The ethno-pop Russian music group “Buranovskiye Babushki” granted Russian TV director Gavriil Gordeev a special wish this month, appearing in a commercial for “Mortal Kombat,” the 1995 American movie based on the famous arcade game. The film will air on Russian television in early May.
According to the website Metronews.ru, the elderly women who make up the band say they were aware of the video game before being invited to Moscow to star in TNT4’s advertisement.
“I knew that there was a video game. For the longest time, I didn’t understand what children meant when they screamed, ‘Back-back-forward-forward-X!’ I thought, ‘Isn’t that how a crab moves?’ It turns out to be a deadly blow,” one of the singers said.

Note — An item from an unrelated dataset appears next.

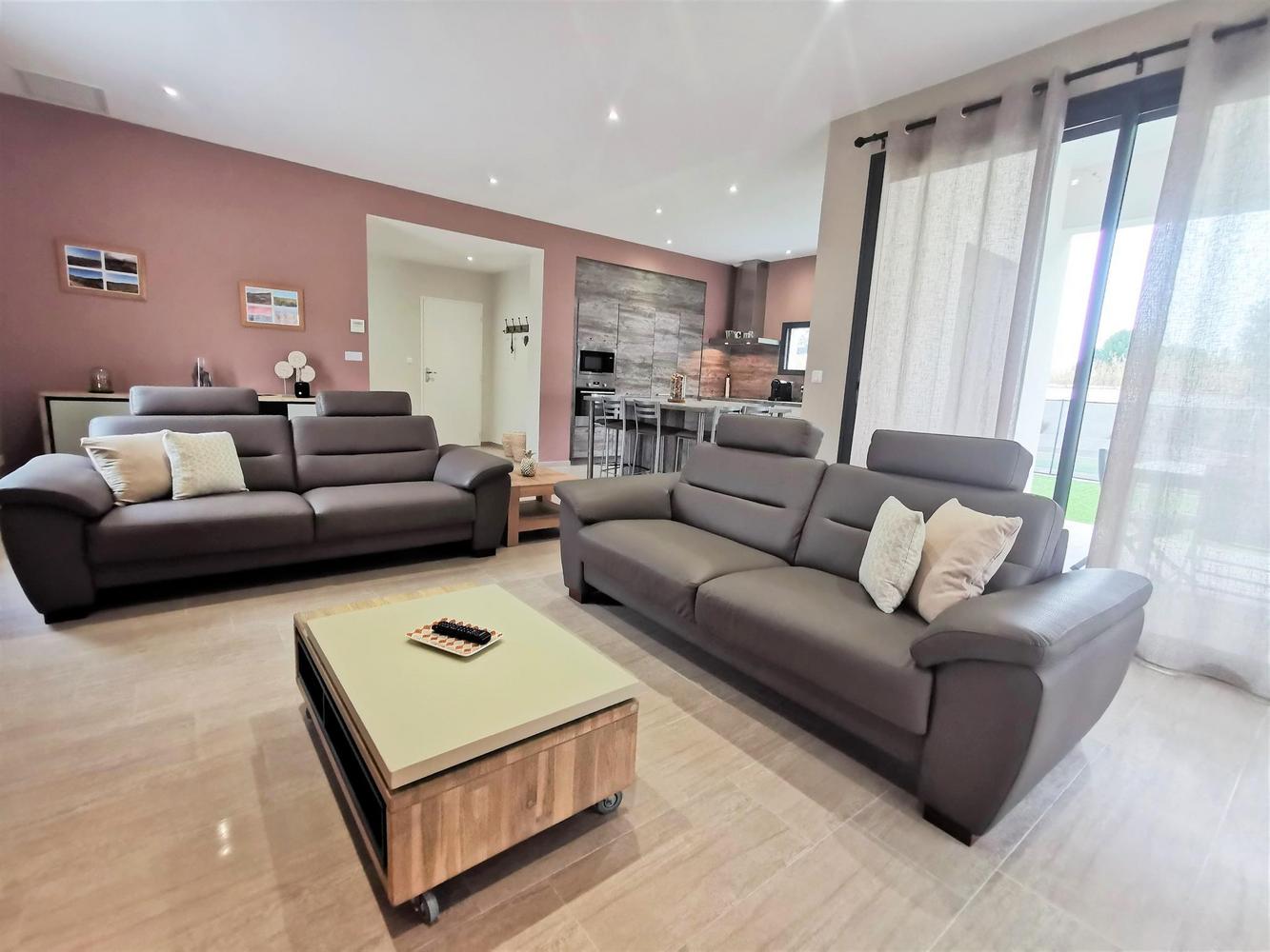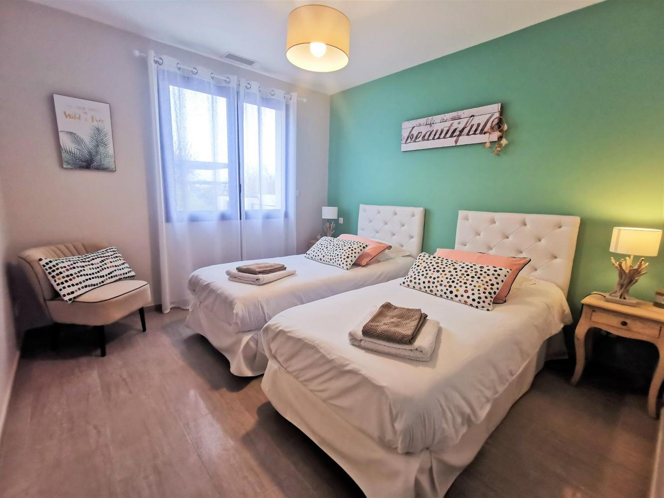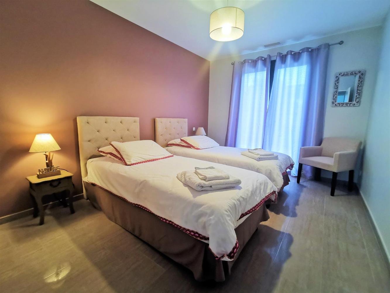 Cuisine avec îlot/repas central, salon, 2 chambres comprenant chacune 2 lits 90X200 modulables en lit 180X200, 1 chambre avec salle d'eau/wc privatifs équipée de 2 lits 90X200. 2è salle d'eau indépendante, wc.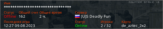 Играет на Counter Strike 1.6 сервере. Страна: РоссияПервый раз замечен 20:15 12.01.2023

Gordeev reportedly showed the women a few scenes from the film, to familiarize them with the material, but it apparently left them unimpressed. According to Metronews.ru, they said the world would have been better protected by the bogatyrs, Russia’s legendary knights of old.
They even pooh-poohed Sub-Zero, Mortal Kombat’s ice-controlling ninja. “Our Morozko [King Frost] is cooler,” say said.
The Buranovskiye Babushki represented Russia at the 2012 Eurovision Song Contest in Baku, Azerbaijan, where they placed second. The band performs most of its songs in the Udmurt language.